I would hold recruiting events, specify specific hiring criteria - including clearances, and set some guidelines into positions. I would also recognize issues with cultural norms and hold training and expected behavior. For example: Palantir values teamwork, but that means different things to different cultures. Maybe the focus on team selection and referrals, which has some benefit to team dynamics, but can cause group think. It is a hard line to walk

Comment Re:Not that I am bitter (Score 1) 37

Obviously, you don't run Apache... for a couple of years, that was a daily game. It isn't a dig at Open Source security, even though they have had their security nightmares. The problem is we have now a human process, which is very easy to compromise... In addition, will we see groupthink cause significant issues to be ignored, a problem currently not in existence within the open source community (sarcasm). It will be interesting and is better then what we have seen in the past.

Comment Problems with the Survey (Score 1) 227

First, you need a lot more in-depth. Run the survey by people who do this for a living. You are missing a lot of information. Look for what would be the next question and try to determine if you have any biases in your research.

For example, my company's personal device policy is based on safety more then security. I work for an EPC company and people jinking with devices while working in a construction site might put an eye out (literally) or worse. Let alone accidentally dropping a cellphone from a great height, into concrete, into nuclear containment, into turbine, etc... we have issues with people texting and driving... a crane, forklift, yard dog, etc... These can be bad things. The security and productivity fears of most management is nothing compared to the fears we face in the heavy industry environment. Ever want to explain to a customer why the multi-million dollar turbine was destroyed because someone dropped their cellphone into the system?

We also have security issues, such as SUNSI information. Just don't whip out the phone and start taking pictures willy nilly and we will be fine. If not, have fun with your talk to the nice guys with the guns.

Productivity / control is our last worry. Someone will usually get a talking to if it is really egregious, but usually we don't care if you are getting the job done. The manager who does usually gets a talking to... That said... don't take a picture of your rear on a bucket and post on Facebook about how you don't do any work on the construction site... might be career limiting. Seriously...

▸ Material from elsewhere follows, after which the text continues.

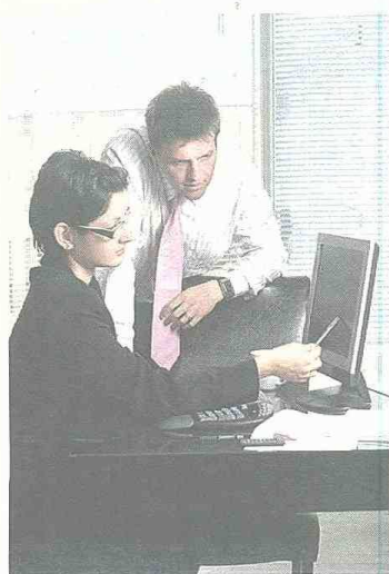
El Observatorio es un instrumento valioso para mejorar la pertinencia educativa.

Una de las estrategias para eliminar las barreras a la competitividad consiste en articular la academia con las necesidades de los sectores productivos estratégicos para el país.

Comment MUMPS (Score 1) 166

As a former MUMPS programmer, yeah; it is bs. Modern languages do a better job in data management. However, certain health care systems do an EPIC job in pushing for obscure languages and technologies - like a message queuing database with a VB middle-ware layer to make it talk like a mainframe. Probably has something to do with lock-in and consulting... Yet, we have to push data into a relational data warehouse to do anything useful with it. SSIS and relational for the win.

Comment The advantage/disadvantage of my height (Score 1) 340

So, I am over 6 feet tall and have used standing and sitting desks. My recommendation, both. When answering emails and other admin work (time sheets anyone - the joys of line supervision...) I usually stand at my kitchen bar / in the break area, or on a low cabinet attached to my desk. Analysis and think work, I sit. Here is the magic trick...

I get up and walk around. I will do some work in some of the work cubby areas we have for really small meetings. Answer emails at the lake patio, Schedule walking meetings. Don't stay in once place for hours at a time staring at a screen. Make no meeting longer then an hour... 20 minutes focused meeting are the best. Change your perspective, it helps.

Just in case you are curious... I am one productive individual and my team is commonly cited for how much they get done and how well they balance work / life.